**YOUR TASK**. Retype each line of the data below exactly, beginning with the first and ending with the one that contains "Szentesi Vendégszeretet Egyesület". Pictures do not belong in the copy.

**DATASET CONTENT**.
-----

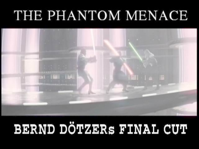 Im BERND DÖTZERs FINAL CUT befindet sich die von mir neu eingefügte Lichtschwert-Sequenz zwischen den ersten beiden in der Originalversion verwendeten Lichtschwert-Sequenzen:
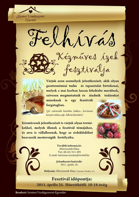 Szentesi Vendégszeretet Egyesület hagyományteremtő szándékkal új rendezvényt indít. A rendezvény neve: Kézműves ízek fesztiválja. Helyszín: Művészetek Háza Szentes, Petőfi u. 4. Időpont: 2011. április 25 Húsvéthétfő 10-18-ótáig.
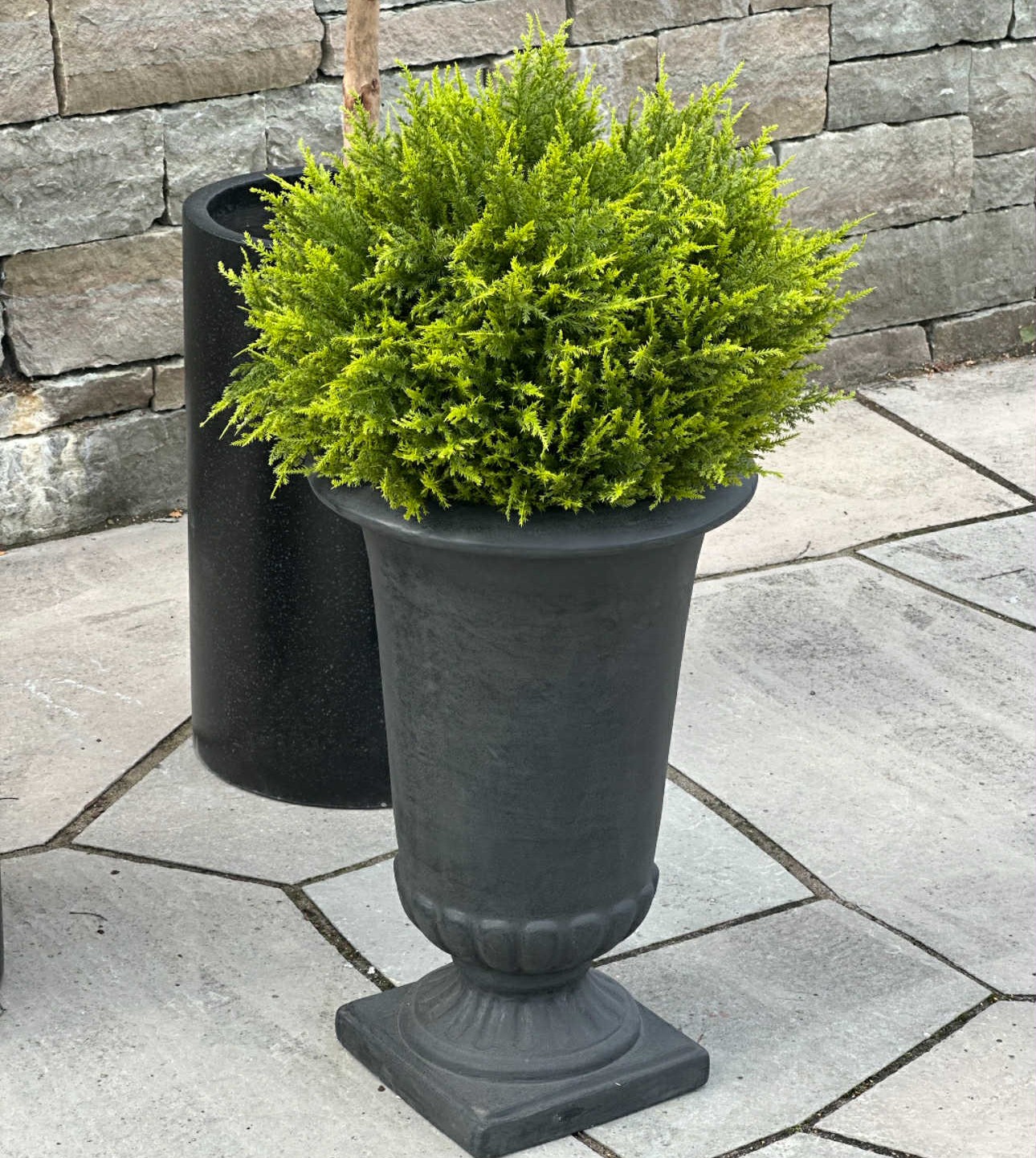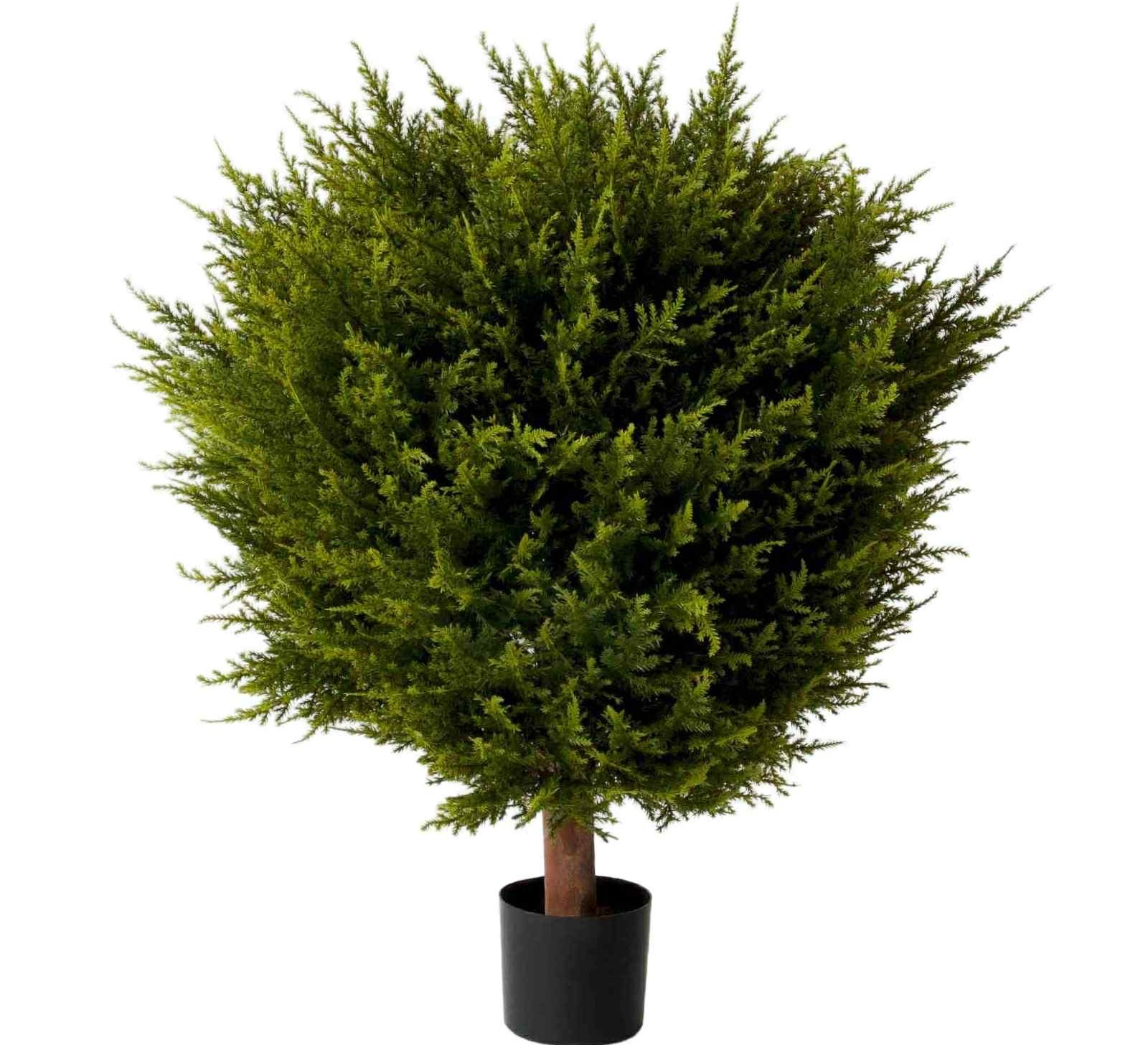 En enormt naturtrogen och vacker grön STOR boll formad cypressbuske. En tätt buskage av mycket hög kvalitet. Snygg utanför din entré, terras. Våra träd har riktig trädstam. Bladen som är tillverkade i tyg är UV-beständiga. Detta innebär att bladen kan stå emot solens UV-strålning under en längre tid och därmed håller färgen bättre än andra produkter. Dom tål även vatten. Plasten, som används bland annat till grenar är återvunnen LDPE-plast. Perfekt utomhusväxt.

-----

**REPLY**.
 Im BERND DÖTZERs FINAL CUT befindet sich die von mir neu eingefügte Lichtschwert-Sequenz zwischen den ersten beiden in der Originalversion verwendeten Lichtschwert-Sequenzen:
 Szentesi Vendégszeretet Egyesület hagyományteremtő szándékkal új rendezvényt indít. A rendezvény neve: Kézműves ízek fesztiválja. Helyszín: Művészetek Háza Szentes, Petőfi u. 4. Időpont: 2011. április 25 Húsvéthétfő 10-18-ótáig.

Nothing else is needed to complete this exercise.